Acho que você não sabe o que está falando. Desconfio que nem provedor é 


> não vou compartilhar com mais ninguém só eu mesmo vou ficar tendo o acesso e pronto


Fica aqui meu registro de indignação com este post e outros. Novatos principalmente (não vou generalizar porque tem novato sério que vem aqui compartilhar) vem fazer perguntas aqui e depois simplesmente somem, ou vem como o caso deste tópico onde a dúvida é simplesmente para impedir um compartilhamento (onde o cidadão já está dividindo a net com o vizinho/amigo/etc) ou fazer sei lá o que...
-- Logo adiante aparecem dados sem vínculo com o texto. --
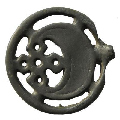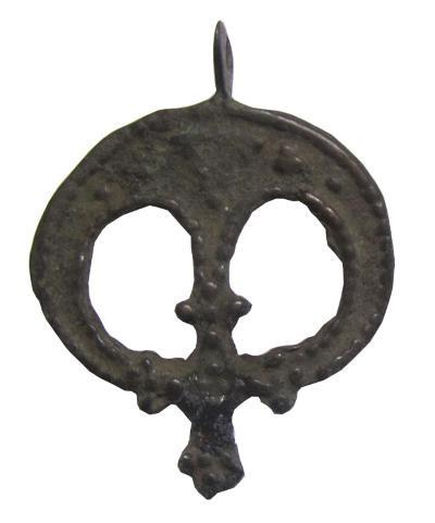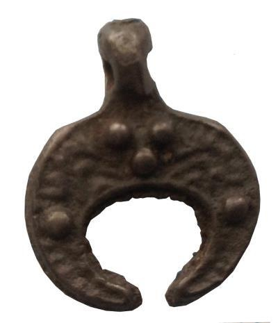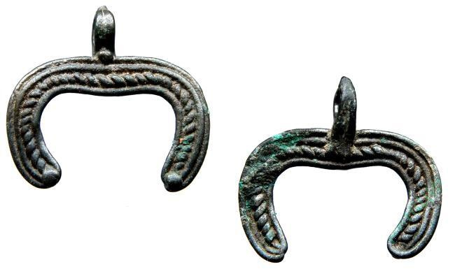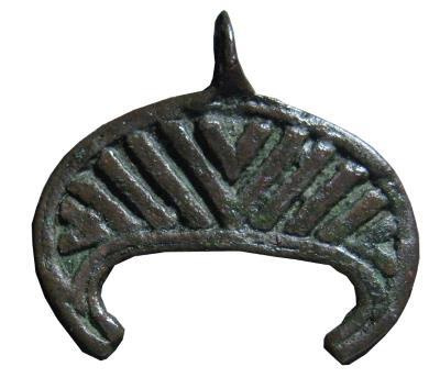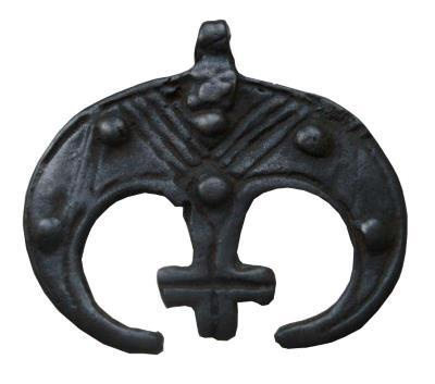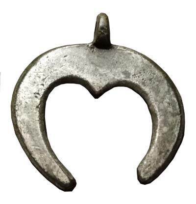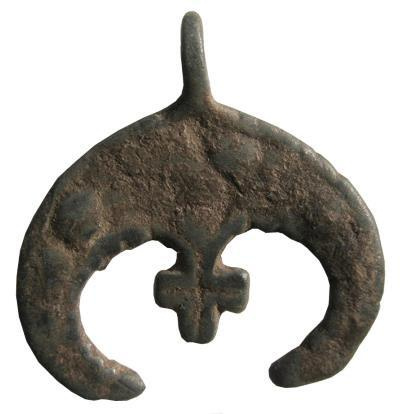 Наряду с крестом на Руси был чрезвычайно популярен другой нательный знак, идентичный рассматриваемому «полумесяцу», с той только разницей, что носился он «рогами» вниз, поскольку ушко для цепи или веревки прикреплялось к выпуклой стороне. Это был распространеннейший оберег, который в современной археологии получил название «лунница». По неизвестной причине археологами был сделан вывод, что это оберег, который носили в основном женщины. Возможно, причиной послужило то, что луна и лунные циклы традиционно связаны с женской энергетикой и, соответственно, атрибутикой (Рис. 15Рис. 20).
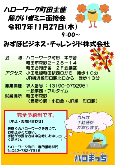 ※面接会予約後にキャンセルされる場合は速やかにハローワーク町田 専門援助部門までお知らせください。
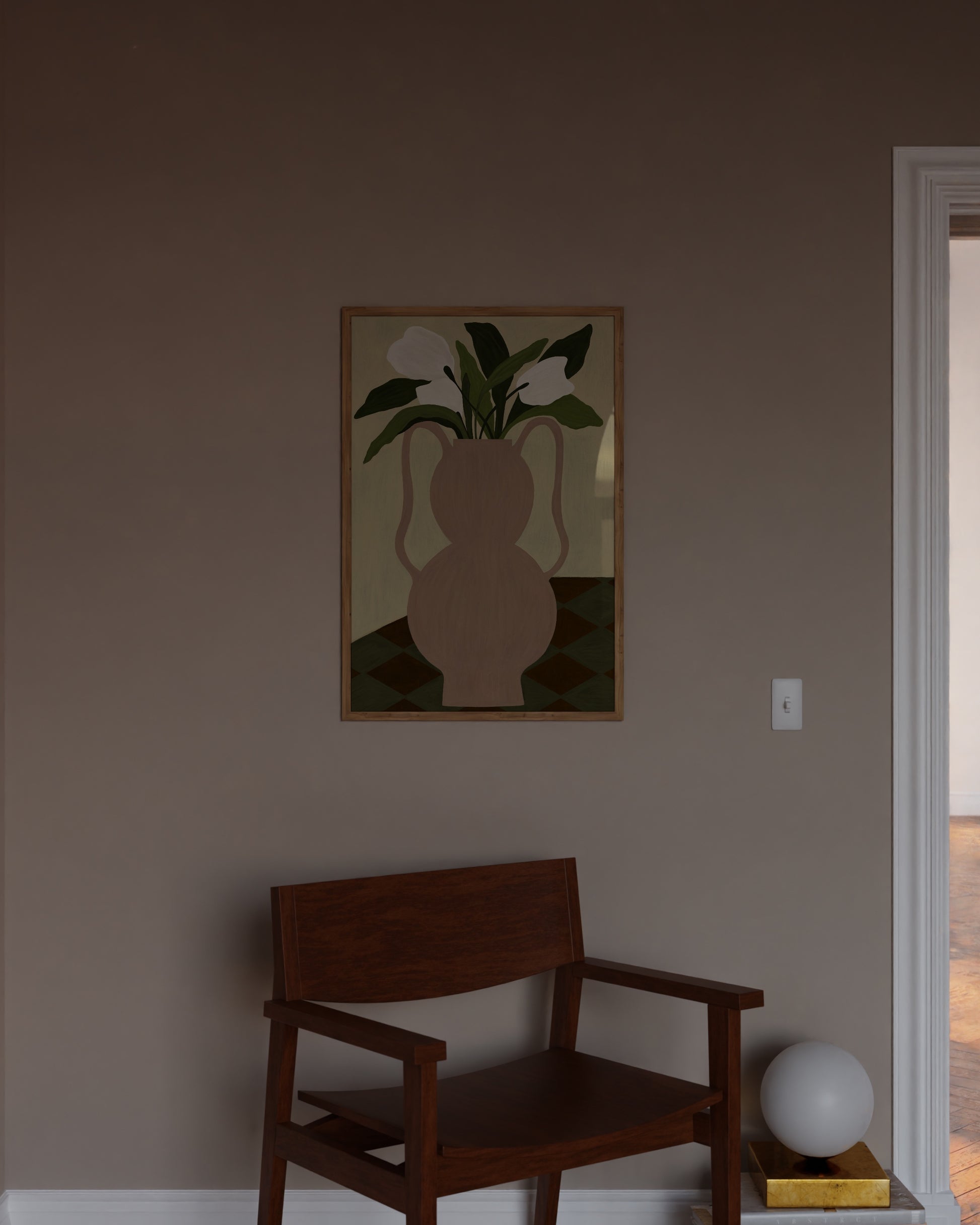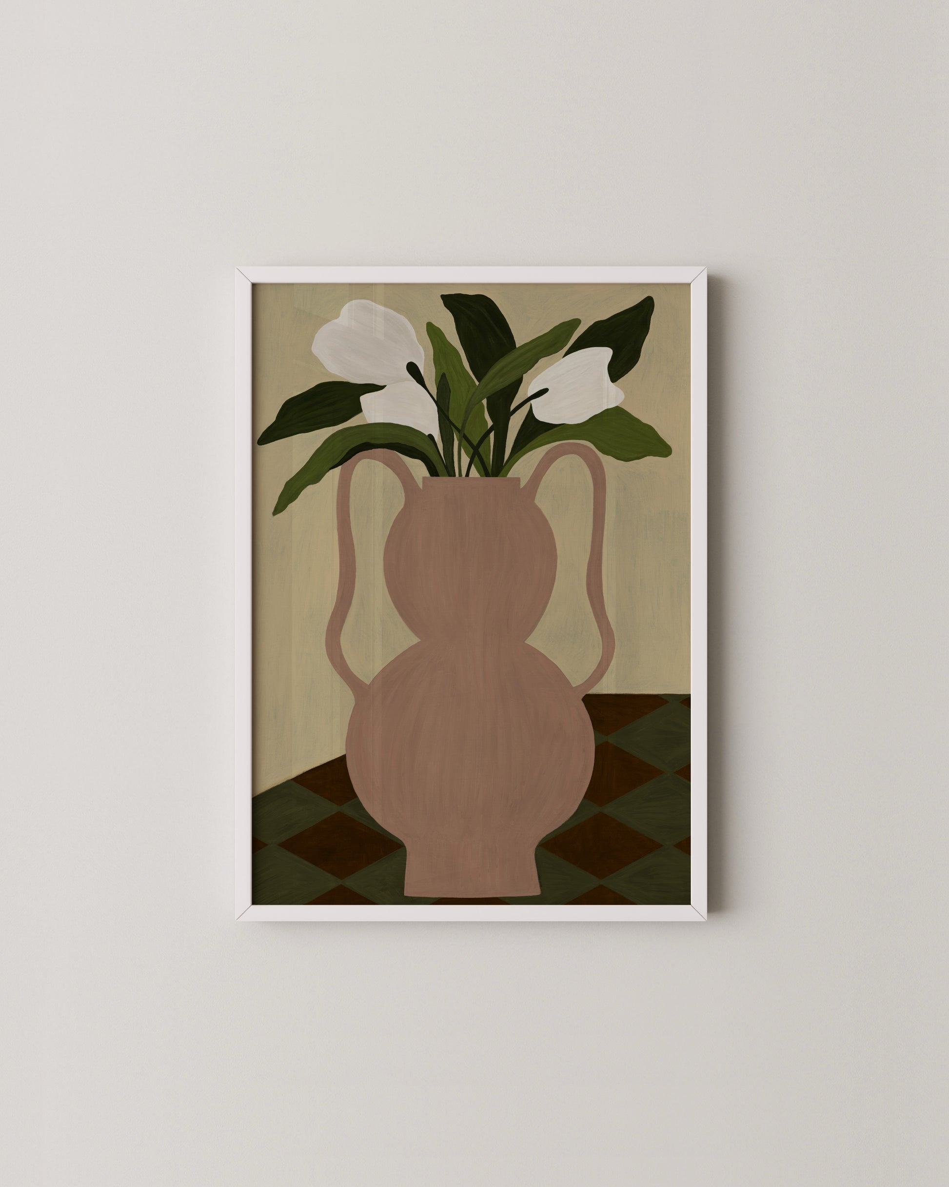 A soft blush pink vase holds white flowers with lush green leaves in this modern still life art print. The muted palette and checkered surface bring a calm, elegant touch, perfect for kitchens, dining rooms, or cozy living spaces.

Acho que como fórum sério este espaço é destinado a evolução dos sistemas de telecomunicações e compartilhamento de experiências. Atitudes como a deste post me deixam indignado!!!

Desabafei!

Peço desculpas aos prezados colegas!

----------


## 1929

O @*sphreak* disse tudo. O que você quer é revender o sinal de internet.

Por isso que desde o início sua pergunta não estava se encaixando na prática diária de um provedor...

----------


## amaurybrito

Rapaz se eu fosse vc só irá tirar o HotSpot e mudaria para o PPPOE simples quero é ver outro conectar 😁

----------